Saturday, May 17, 2014

May 17, 2014

I've recently taken to chess again after a long hiatus. Online chess has come a long way in the last 15 years (which was when I last checked things out); I signed up at chess.com, and it's been great fun all the way. If you want to keep up with what I've been doing there, simply follow the buzz there about the mysterious stranger from India who's been making waves and giving the highly-rated old-timers a run for their money (just kidding, I'm the guy with the puppy avatar who's languishing with a tactical rating in the 1290s after briefly touching 1344).
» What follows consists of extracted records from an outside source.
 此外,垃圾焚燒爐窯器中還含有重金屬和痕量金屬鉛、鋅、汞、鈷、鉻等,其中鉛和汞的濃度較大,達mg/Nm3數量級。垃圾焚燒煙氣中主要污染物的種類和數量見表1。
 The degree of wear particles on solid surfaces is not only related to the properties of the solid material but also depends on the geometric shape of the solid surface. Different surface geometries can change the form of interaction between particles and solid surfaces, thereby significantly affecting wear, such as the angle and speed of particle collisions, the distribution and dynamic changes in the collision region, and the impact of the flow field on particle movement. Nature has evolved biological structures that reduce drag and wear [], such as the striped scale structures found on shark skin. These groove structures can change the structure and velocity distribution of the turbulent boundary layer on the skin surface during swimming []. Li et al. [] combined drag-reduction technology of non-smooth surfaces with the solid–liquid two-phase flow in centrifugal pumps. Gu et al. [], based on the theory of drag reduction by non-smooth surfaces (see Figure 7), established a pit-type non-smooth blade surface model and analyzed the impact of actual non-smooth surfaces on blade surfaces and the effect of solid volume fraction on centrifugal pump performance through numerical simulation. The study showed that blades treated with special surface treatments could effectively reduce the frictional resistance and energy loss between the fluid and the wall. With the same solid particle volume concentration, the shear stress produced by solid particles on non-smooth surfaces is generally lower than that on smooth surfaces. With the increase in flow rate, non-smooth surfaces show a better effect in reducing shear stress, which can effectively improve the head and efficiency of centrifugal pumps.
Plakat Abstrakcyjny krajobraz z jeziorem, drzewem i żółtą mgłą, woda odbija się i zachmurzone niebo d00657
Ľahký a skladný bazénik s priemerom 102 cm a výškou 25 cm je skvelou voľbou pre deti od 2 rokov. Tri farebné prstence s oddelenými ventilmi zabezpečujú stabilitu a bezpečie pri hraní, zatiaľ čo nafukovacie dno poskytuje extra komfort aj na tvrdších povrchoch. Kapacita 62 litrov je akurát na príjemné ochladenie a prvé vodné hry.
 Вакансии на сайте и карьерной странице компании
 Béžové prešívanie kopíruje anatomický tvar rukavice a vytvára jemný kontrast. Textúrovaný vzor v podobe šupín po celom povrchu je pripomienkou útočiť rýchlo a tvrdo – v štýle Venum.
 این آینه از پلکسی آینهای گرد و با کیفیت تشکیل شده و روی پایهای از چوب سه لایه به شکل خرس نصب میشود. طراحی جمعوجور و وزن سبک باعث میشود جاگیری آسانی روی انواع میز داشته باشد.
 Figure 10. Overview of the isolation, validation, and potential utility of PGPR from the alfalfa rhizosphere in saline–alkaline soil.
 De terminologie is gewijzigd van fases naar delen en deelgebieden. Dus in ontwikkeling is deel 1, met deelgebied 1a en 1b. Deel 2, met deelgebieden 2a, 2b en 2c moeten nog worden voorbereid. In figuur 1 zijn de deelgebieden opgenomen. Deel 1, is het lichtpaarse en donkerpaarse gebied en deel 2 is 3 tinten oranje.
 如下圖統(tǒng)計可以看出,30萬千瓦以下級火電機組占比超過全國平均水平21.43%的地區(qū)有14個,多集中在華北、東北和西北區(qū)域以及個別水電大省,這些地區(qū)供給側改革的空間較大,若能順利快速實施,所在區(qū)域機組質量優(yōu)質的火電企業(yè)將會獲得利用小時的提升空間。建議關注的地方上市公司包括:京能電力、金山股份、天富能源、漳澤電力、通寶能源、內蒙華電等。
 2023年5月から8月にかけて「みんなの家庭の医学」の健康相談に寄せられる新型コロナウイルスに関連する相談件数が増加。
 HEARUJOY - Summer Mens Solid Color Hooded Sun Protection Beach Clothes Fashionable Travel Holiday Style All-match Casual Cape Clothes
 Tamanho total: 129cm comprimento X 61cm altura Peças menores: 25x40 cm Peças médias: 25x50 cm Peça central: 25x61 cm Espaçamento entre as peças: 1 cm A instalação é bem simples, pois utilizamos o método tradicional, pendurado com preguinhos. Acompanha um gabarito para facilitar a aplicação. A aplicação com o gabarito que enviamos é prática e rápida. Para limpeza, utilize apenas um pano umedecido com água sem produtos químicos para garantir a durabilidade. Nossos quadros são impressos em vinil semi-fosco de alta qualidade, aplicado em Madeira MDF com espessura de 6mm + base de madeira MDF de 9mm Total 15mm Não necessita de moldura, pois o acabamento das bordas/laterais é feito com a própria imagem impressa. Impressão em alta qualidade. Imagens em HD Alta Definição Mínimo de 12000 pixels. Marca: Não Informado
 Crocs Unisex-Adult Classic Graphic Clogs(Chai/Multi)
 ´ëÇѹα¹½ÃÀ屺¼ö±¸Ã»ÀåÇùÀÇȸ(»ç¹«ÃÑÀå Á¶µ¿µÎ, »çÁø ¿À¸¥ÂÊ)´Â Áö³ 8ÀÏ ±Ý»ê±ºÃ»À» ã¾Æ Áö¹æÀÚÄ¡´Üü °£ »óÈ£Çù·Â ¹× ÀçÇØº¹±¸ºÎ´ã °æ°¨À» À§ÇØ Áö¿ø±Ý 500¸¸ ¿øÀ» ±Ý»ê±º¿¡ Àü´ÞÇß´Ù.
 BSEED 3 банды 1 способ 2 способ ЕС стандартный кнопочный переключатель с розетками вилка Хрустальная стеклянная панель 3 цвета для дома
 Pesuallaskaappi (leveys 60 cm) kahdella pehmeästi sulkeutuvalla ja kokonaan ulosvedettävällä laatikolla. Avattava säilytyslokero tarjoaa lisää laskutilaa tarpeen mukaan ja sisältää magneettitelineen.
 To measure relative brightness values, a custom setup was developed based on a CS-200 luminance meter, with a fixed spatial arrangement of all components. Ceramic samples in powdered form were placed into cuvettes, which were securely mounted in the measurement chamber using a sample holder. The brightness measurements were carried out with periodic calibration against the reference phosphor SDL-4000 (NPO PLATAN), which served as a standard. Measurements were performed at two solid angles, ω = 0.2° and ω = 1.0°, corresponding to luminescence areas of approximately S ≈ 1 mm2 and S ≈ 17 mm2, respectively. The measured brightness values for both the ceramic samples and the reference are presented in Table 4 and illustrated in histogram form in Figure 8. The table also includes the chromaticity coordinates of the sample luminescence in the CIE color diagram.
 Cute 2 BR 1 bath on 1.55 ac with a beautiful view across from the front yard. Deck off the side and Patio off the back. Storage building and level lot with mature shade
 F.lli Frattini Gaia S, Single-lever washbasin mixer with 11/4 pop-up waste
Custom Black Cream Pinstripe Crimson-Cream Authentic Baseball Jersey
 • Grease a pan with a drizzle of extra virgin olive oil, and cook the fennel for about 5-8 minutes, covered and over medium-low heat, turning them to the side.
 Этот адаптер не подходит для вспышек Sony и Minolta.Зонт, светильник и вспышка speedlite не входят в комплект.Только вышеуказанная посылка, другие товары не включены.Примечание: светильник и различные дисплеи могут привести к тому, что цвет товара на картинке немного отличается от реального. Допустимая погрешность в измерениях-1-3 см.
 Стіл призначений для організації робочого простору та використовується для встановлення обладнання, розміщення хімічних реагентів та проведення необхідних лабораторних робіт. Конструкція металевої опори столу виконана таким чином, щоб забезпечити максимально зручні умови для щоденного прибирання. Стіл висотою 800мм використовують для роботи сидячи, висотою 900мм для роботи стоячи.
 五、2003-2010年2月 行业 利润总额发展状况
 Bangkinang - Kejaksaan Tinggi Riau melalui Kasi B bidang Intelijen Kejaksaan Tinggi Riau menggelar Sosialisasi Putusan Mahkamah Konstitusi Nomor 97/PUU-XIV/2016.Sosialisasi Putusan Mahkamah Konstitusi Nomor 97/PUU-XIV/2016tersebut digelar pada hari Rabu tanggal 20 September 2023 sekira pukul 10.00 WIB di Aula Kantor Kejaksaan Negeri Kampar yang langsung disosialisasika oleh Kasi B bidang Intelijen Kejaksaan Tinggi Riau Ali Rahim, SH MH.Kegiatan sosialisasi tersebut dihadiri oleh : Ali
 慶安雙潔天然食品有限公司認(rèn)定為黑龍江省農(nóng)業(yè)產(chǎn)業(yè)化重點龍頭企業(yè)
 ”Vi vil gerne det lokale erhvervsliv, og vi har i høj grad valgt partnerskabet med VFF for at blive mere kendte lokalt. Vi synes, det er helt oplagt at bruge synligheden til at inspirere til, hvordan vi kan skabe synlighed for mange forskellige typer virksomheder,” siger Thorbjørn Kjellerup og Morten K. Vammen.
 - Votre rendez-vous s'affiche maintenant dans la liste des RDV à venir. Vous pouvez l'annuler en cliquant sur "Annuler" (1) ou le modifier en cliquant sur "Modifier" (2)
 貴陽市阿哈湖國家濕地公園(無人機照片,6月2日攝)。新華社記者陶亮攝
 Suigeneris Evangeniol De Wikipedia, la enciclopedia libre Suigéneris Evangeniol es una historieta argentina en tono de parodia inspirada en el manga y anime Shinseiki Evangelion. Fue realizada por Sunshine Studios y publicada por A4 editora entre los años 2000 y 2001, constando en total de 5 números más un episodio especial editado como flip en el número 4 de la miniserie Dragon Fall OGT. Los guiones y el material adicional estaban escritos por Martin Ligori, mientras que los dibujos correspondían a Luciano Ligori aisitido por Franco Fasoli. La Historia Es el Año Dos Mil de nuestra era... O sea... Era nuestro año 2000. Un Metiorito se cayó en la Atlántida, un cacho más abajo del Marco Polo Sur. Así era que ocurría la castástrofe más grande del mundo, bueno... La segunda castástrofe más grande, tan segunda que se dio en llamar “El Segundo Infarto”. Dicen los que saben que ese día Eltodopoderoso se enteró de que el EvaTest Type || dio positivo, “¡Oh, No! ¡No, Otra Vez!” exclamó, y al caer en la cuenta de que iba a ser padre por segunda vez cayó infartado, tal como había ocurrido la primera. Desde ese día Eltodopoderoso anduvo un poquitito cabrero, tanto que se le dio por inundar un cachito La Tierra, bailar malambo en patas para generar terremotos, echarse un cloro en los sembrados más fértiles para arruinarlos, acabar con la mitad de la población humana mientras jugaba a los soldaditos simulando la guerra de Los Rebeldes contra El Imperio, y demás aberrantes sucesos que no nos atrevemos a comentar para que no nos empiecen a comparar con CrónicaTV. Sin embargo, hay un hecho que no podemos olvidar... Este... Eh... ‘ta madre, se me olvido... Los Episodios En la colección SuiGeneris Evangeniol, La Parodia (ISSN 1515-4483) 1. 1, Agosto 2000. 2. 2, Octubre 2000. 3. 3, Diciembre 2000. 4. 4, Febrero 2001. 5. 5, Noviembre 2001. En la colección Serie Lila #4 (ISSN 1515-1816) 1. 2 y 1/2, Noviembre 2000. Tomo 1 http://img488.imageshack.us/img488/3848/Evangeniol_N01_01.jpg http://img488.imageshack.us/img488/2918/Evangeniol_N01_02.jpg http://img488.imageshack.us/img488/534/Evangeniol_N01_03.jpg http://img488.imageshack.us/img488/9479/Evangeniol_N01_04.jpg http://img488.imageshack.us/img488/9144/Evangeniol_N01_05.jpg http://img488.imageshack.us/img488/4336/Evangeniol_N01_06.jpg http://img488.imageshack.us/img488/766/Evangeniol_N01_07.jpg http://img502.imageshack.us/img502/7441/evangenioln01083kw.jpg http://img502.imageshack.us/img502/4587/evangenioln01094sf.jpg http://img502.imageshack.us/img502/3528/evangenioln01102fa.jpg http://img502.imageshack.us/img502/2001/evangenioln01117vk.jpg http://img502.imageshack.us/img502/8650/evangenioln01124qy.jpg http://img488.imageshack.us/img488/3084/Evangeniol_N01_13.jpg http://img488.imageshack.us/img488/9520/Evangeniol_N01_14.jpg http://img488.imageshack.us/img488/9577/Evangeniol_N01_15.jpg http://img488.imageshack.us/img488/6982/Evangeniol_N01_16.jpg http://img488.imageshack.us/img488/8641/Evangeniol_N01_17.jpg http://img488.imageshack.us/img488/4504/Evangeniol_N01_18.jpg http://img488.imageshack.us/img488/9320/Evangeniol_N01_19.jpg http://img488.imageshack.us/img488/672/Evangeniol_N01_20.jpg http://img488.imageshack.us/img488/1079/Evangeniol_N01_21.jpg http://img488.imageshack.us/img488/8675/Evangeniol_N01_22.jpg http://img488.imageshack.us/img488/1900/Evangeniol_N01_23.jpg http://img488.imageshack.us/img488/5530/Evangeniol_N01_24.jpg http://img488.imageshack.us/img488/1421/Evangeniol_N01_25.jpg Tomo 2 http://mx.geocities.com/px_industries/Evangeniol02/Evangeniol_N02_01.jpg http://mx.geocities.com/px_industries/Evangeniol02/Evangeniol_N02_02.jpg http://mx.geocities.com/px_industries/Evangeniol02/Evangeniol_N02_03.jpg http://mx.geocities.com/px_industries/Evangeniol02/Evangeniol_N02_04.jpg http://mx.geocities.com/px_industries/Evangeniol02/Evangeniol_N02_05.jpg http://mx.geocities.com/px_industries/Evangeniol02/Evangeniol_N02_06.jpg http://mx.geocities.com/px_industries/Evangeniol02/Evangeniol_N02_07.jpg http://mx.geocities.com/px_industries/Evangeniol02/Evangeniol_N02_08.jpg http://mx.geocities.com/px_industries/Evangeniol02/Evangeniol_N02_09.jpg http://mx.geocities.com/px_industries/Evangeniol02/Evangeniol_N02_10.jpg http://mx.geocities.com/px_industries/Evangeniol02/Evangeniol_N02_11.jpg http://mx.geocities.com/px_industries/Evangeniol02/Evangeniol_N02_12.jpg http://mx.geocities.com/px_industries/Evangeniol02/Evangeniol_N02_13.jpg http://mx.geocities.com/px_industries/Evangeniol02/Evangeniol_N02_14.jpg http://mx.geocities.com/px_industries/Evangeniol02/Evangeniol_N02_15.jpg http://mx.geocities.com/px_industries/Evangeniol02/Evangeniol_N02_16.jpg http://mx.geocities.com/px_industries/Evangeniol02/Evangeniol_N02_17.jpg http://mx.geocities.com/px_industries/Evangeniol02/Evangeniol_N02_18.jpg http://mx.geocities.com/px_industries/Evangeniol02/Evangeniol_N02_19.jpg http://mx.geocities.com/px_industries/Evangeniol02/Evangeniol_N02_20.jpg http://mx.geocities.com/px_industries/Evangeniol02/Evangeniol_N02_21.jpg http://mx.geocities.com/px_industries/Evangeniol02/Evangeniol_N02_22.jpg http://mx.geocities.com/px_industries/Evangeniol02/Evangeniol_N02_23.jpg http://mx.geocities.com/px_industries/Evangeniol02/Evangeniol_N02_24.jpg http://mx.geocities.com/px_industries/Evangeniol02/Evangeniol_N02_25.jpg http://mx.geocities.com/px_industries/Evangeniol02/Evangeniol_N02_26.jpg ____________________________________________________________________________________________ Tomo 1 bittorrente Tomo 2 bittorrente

This post is not about the cerebral aspects of the game, the strategy, the tactics, and so on, but about the emotional aspects. Consider this Daily Puzzle entry from yesterday:


It's white's turn to move, and a cursory look at the board immediately shows the danger: the white king is all alone on the right side, seemingly at the mercy of a phalanx of attackers led by the black queen. Also, the black knight is a move away from forking the white queen. All the white pieces look helpless, stuck on the wrong side of the board (with the exception of the rook on a3, who looks like he may be able to charge to the king's rescue and die heroically on the king's lap--ignoring for the moment what an elephant lying on a person's lap would mean to said person's state of health--in the process, gasping out an "Alas, I have but one life to give to my emperor"). I used the word "seemingly" upstream because, as I mentioned earlier, it's white's turn to move, which means appearances are deceptive, and there is some avenue of escape (maybe even victory?) open to white. Is it the bishop on e2 who can produce the check, ineffectual though it may be? Can the white queen somehow find the time to rush forward and cause a back-rank mate? Should the king charge forward boldly to g2 and meet the attack head-on? Would such a charge enable the other white rook to find some action on the h-file? One can cut the tension with a knife. Or considering the context, maybe I should say 'saber'.

Cerebral the game may be, but take away the emotions and the drama, and you might as well sit with paper and pencil and solve partial differential equations.